Simulation is widely used to design and optimize manufacturing systems. However, the
creation of simulation models becomes a very complicated task when the system under study
has a high number of elements and interconnections between them. This is why simulation is
complex and time-consuming in the case of global production networks (GPNs). This type of
manufacturing network is used nowadays by companies of any size, but the complexity of the
material and information flows, which occur throughout a large number of production sites,
implies that it is difficult to achieve their full potential. Therefore, the need for improving the
current methods for creating simulation models arises. This way the simulation of global
production networks will be more accessible regarding the required time and cost and this will
allow the improvement of the design and operation of such networks. Ontologies represent
domains by describing concepts (classes) from the domain and the relations between them.

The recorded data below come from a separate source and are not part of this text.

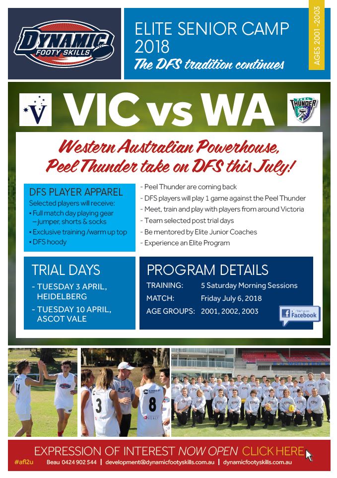 Dynamic Footy Skills are running trial days on the 3rd and 10th of April to participate in their elite camp and possibly a game against Peel Thunder.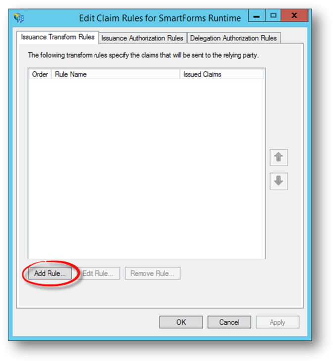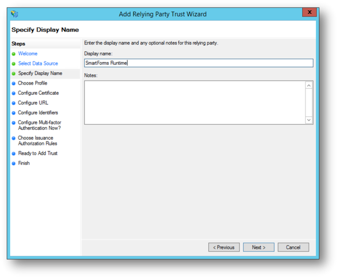 - Configure the product as a Relying Party Trust in AD FS for each smartforms site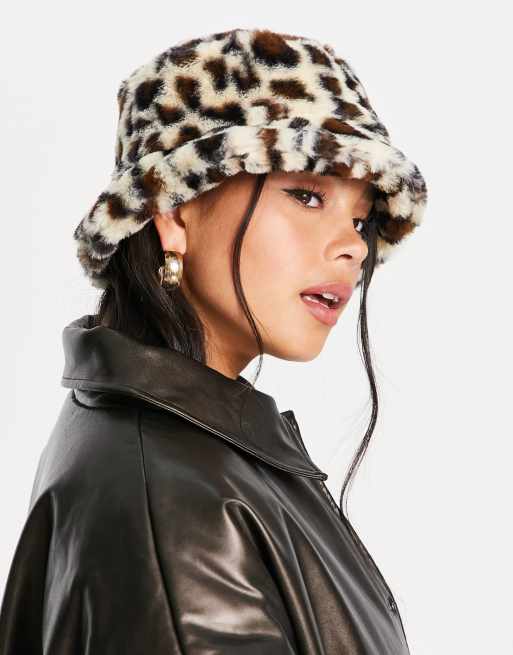 ASOS DESIGN faux fur roll back bucket hat in leopard print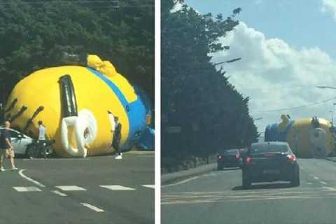 Огромный 33-метровый надувной миньон устроил настоящее ДТП в Северном городе Дублине, район (Сантри). Ветром его отнесло на проезжую часть, что и преградило движение на дороге, передает Газета.ua.

Among the wide variety of their applications, they have been used to represent processes from
manufacturing systems, as they present the information in a structured way and with a defined
terminology that supports the interoperability of different applications. This thesis proposes a
method that uses these ontologies to identify simulation modules that can be later implemented
in a simulation software. The method is based on the examination of the ontology classes to
identify the modules and on defining the interfaces between them by looking at the ontology
relations. The method is later applied for an ontology that models the order processing in
GPNs, in order to identify and develop general simulation modules. The resulting modules
facilitate the creation of simulation models by grouping several functions and avoiding the
repetitive task that would imply modelling these functions separately. Another advantage of
the modules is that they are reusable for different cases of GPNs. Finally, the general modules
have been instantiated for specific examples to prove that they allow the representation of the
systems in a valid way.